"The stuff that isn't scrubbed, the greenhouse gases aren't the issue," Patton said. "They're just so old that it doesn't make sense to spend the money to make them comply with the existing rules. Under any scenario you looked at, regardless of EPA rules, all those plants were gone anyway."
The plant closures and proposed transfers would reduce the share of Appalachian's power generation that comes from coal from 74 percent today to 71 percent in 2015. The share generated from gas would increase from 15 percent to 20 percent over the same time period, officials said.
More broadly, parent company AEP has said coal's share of its generation will drop from 67 percent in 2011 to 50 percent in 2020. Nationally, government data shows coal's share of power generation has been dropping for years and reached 36 percent during the first quarter of 2012 -- far below the "nearly half" figure frequently cited by coal officials and the industry's political supporters.
"Coal is going to continue to be here," Patton said. "But that huge advantage we were getting as coal, we're not getting that again."
Patton predicted that no companies would build any new coal-fired generation anytime soon.

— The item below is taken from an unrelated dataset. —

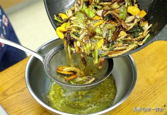 ,一直把原料炸至金黄发干,倒出来控出里面的料渣,葱油就炸好了。
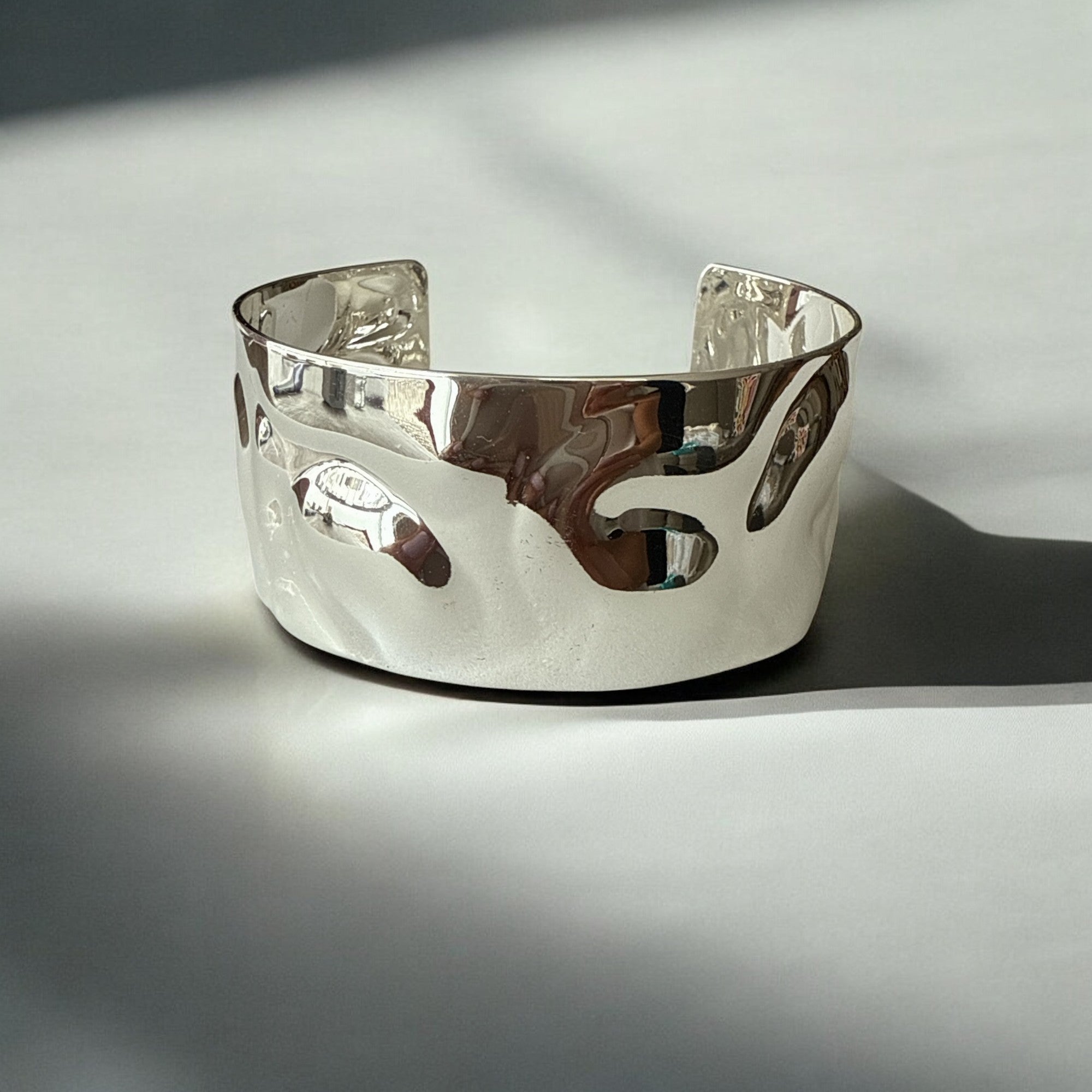 Este brazalete texturizado en acero inoxidable plateado es una joya única y moderna diseñada para destacar en cualquier look. Su superficie texturizada con un diseño desigual y su acabado en tono plateado brillante le otorgan un toque audaz y elegante. Ideal para complementar estilos contemporáneos o darle un toque especial a looks minimalistas.

He said that low natural gas prices, and not EPA's proposed rules to limit greenhouse gas emissions are the reason.
"Nobody is building any new coal," Patton said. "The economics just aren't there.

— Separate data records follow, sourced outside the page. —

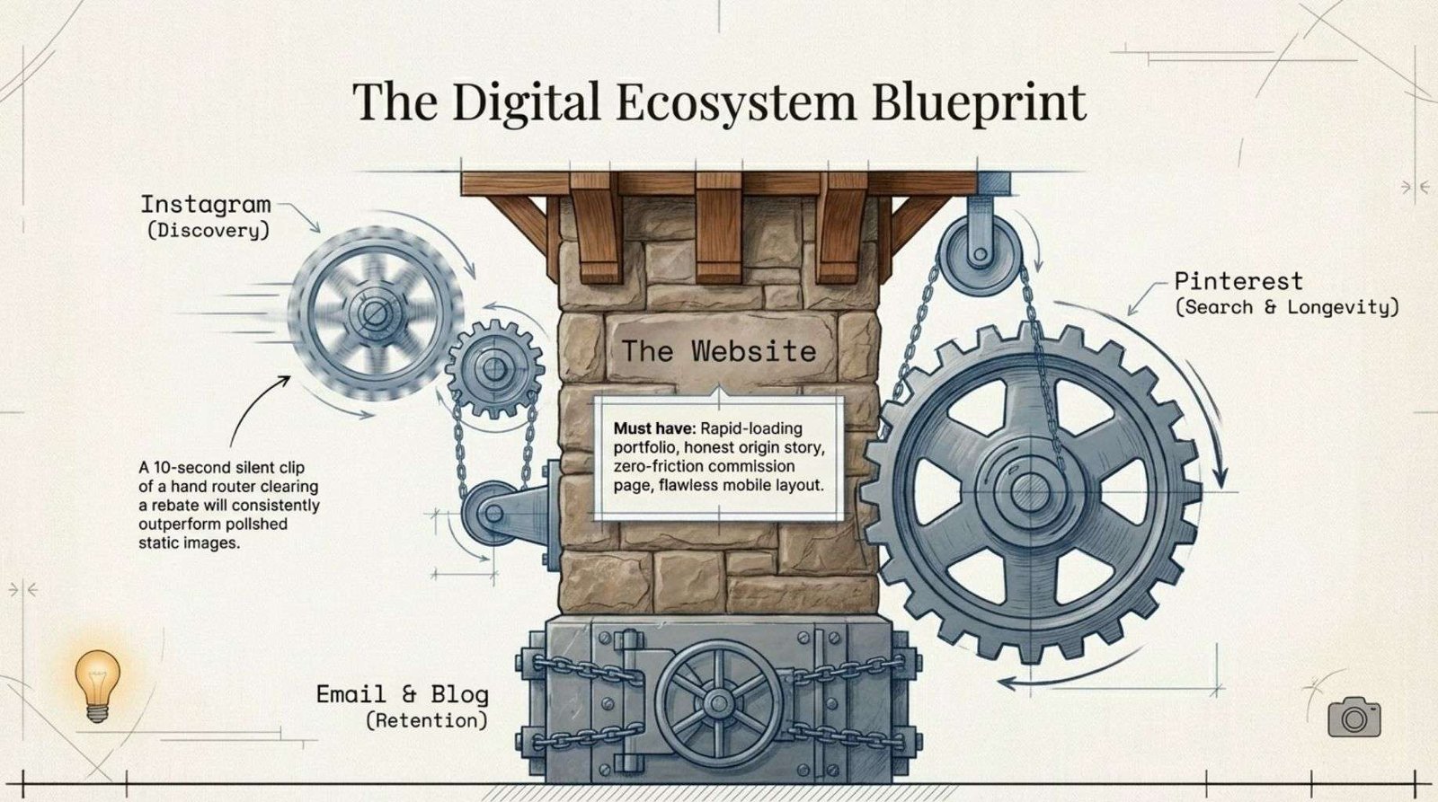 A ten-second clip of a hand router clearing a rebate, posted without commentary, will find more new eyes than a polished finished image shared with a lengthy caption. Pinterest functions as a design search engine and drives traffic silently over months and years.
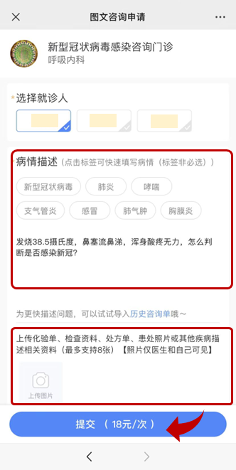 填写病症信息,上传图文报告等资料,并支付。
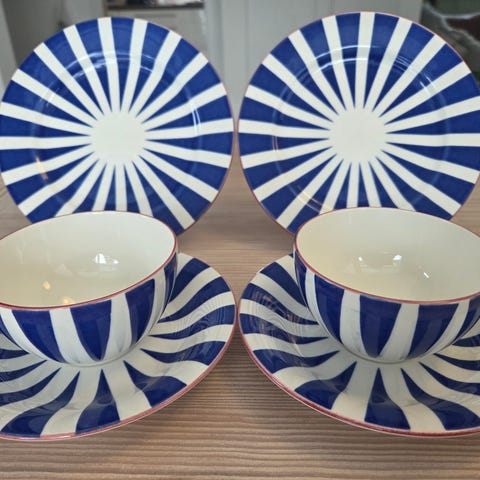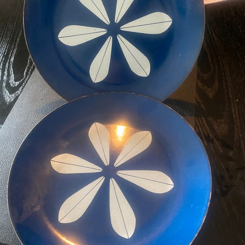 Selger ett «sett» bestående av 1 stort fat, 1 lite fat og 6 tallerkener. Dette er Stavanger Flint designet av Inger Waage.
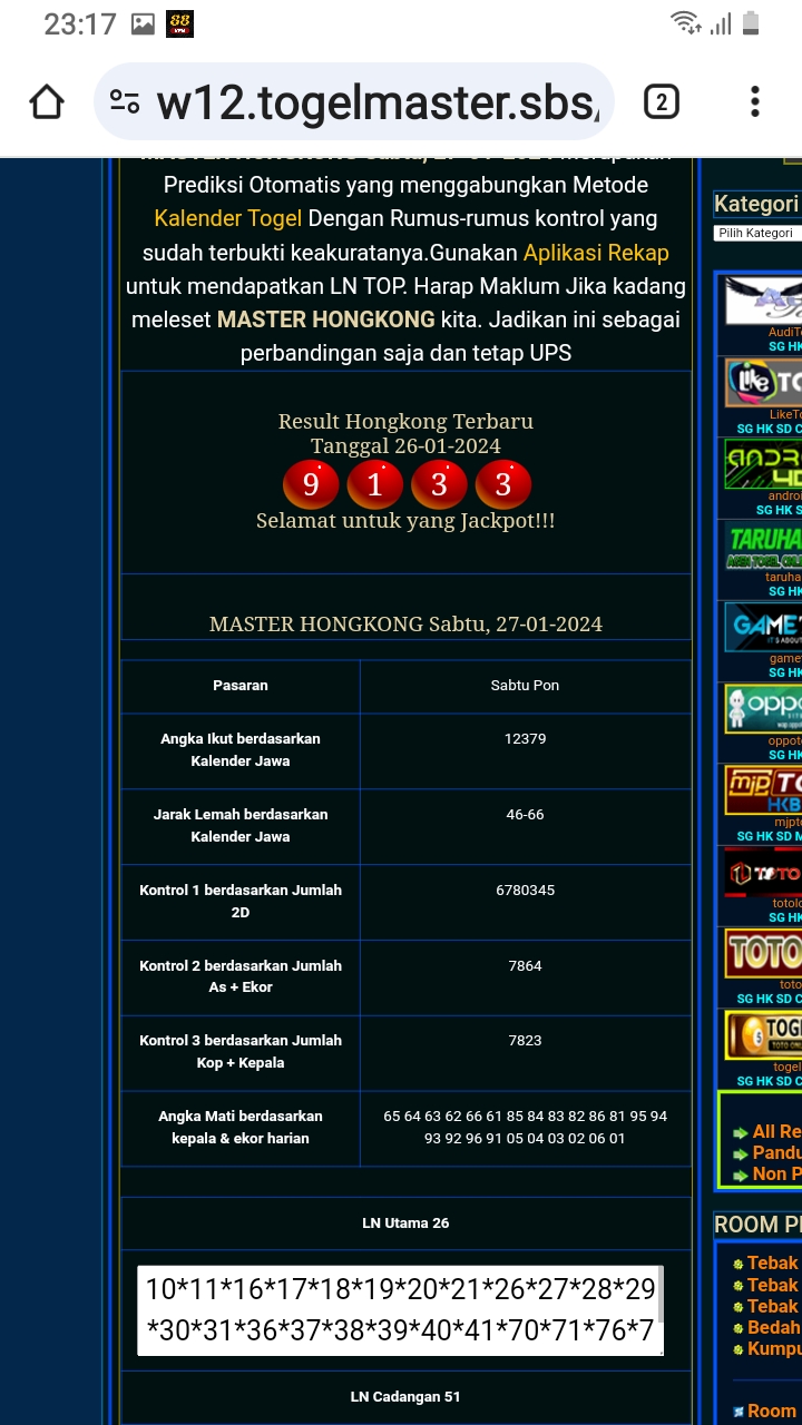 MASTER HONGKONG Minggu, 05-10-2025 Merupakan Prediksi Otomatis yang menggabungkan Metode Kalender Togel Dengan Rumus-rumus kontrol yang sudah terbukti keakuratanya.Gunakan Aplikasi Rekap untuk mendapatkan LN TOP. Harap Maklum Jika kadang meleset MASTER HONGKONG kita. Jadikan ini sebagai perbandingan saja dan tetap UPS

"Gas is just so cheap," he said. "You cannot deny that natural gas is the fuel of choice."
Patton said that advances in natural gas drilling -- such as horizontal drilling and hydraulic fracturing -- that have created a boom in the Marcellus Shale region have reduced industry concerns about the price volatility of natural gas over the long term.
"I don't care what you read, I don't think anybody is going to build a coal plant, given natural gas prices," Patton said. "It's just economics."